→ **Data block**:
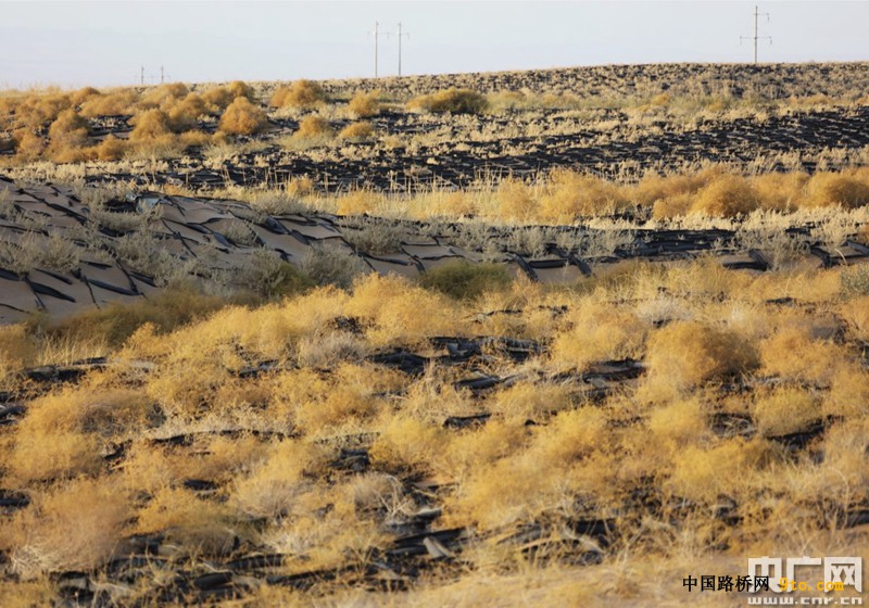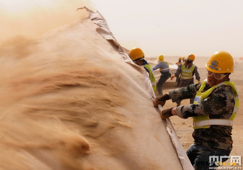 沙漠龙:在巴丹吉林沙漠,沙土每年平均移动速度大约有18米,如果不固定住移动沙丘,流沙很容易覆盖公路。固沙关键是一个个2米长、20公分宽的填充式黑色沙袋。这些沙袋呈田字形交叉叠放,然后形成一个个1平方米的小方格,连成一片。沙袋在设计很特别,是有鳍沙袋,编织袋边沿会留出3公分的穗儿,别小看这些穗,不单能减小风速,还能把吹起来的沙留在框格内。沙袋的面料采用的是耐寒耐晒材质,至少可以保持20年。第一项目部工程师王大伟说,根据风向,不同路段、不同方向铺设的沙袋群,宽度都有精确计算。
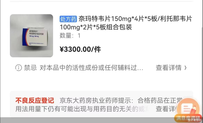 因为目前正在服用免疫抑制剂治疗基础疾病,担心感染新冠病毒后出现重症的概率大,12月13日,王先生以3300元的价格在网上购买了“奈玛特韦片150mg*4片*5板/利托那韦片100mg*2片*5板组合包装”一份,尽管不一定用得上,但在他眼里,这属于备着应急的“保命药”。
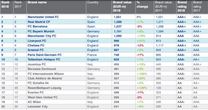 Una crescita del 100% rispetto al 2017. Il brand dell’Inter, secondo uno studio di Brand Finance, è balzato dal 28esimo posto al 13esimo in questa particolare classifica che calcola il valore del marchio dei primi cinquanta club europei. Nel 2017 si parlava di un valore di 195 mln di euro. Adesso si parla di un valore di 389 mln. Notevole la rimonta sulla Juventus, con un distacco sceso da 245 milioni a soli 106 milioni.
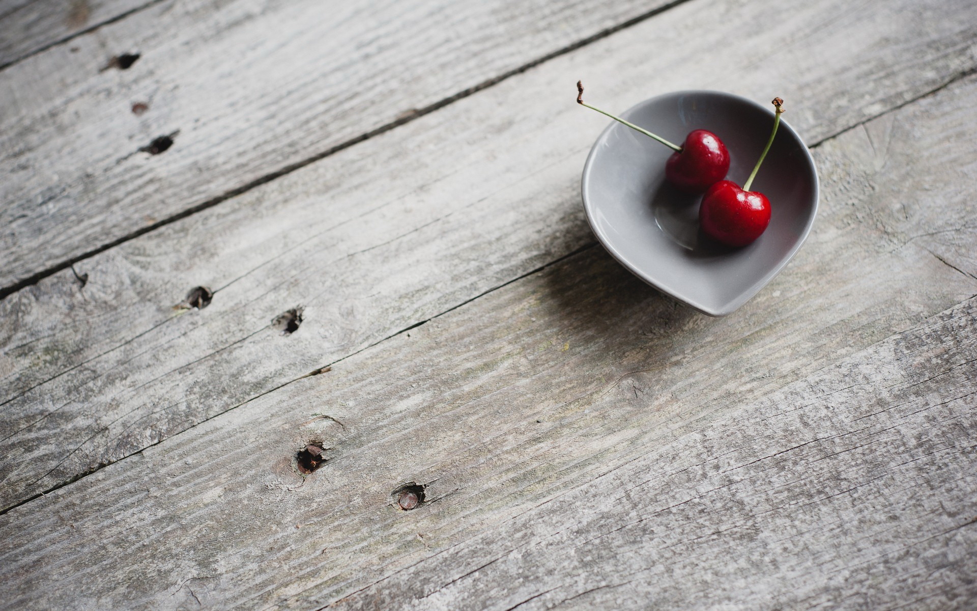 Description: A bowl of two cherries on a wooden table with ants crawling around it and a spoon in the bowl.

→ **Task objective**: Set down the whole listing exactly as given, except for the pictures.

→ **Exercise output**:
 沙漠龙:在巴丹吉林沙漠,沙土每年平均移动速度大约有18米,如果不固定住移动沙丘,流沙很容易覆盖公路。固沙关键是一个个2米长、20公分宽的填充式黑色沙袋。这些沙袋呈田字形交叉叠放,然后形成一个个1平方米的小方格,连成一片。沙袋在设计很特别,是有鳍沙袋,编织袋边沿会留出3公分的穗儿,别小看这些穗,不单能减小风速,还能把吹起来的沙留在框格内。沙袋的面料采用的是耐寒耐晒材质,至少可以保持20年。第一项目部工程师王大伟说,根据风向,不同路段、不同方向铺设的沙袋群,宽度都有精确计算。
 因为目前正在服用免疫抑制剂治疗基础疾病,担心感染新冠病毒后出现重症的概率大,12月13日,王先生以3300元的价格在网上购买了“奈玛特韦片150mg*4片*5板/利托那韦片100mg*2片*5板组合包装”一份,尽管不一定用得上,但在他眼里,这属于备着应急的“保命药”。
 Una crescita del 100% rispetto al 2017. Il brand dell’Inter, secondo uno studio di Brand Finance, è balzato dal 28esimo posto al 13esimo in questa particolare classifica che calcola il valore del marchio dei primi cinquanta club europei. Nel 2017 si parlava di un valore di 195 mln di euro. Adesso si parla di un valore di 389 mln. Notevole la rimonta sulla Juventus, con un distacco sceso da 245 milioni a soli 106 milioni.
 Description: A bowl of two cherries on a wooden table with ants crawling around it and a spoon in the bowl.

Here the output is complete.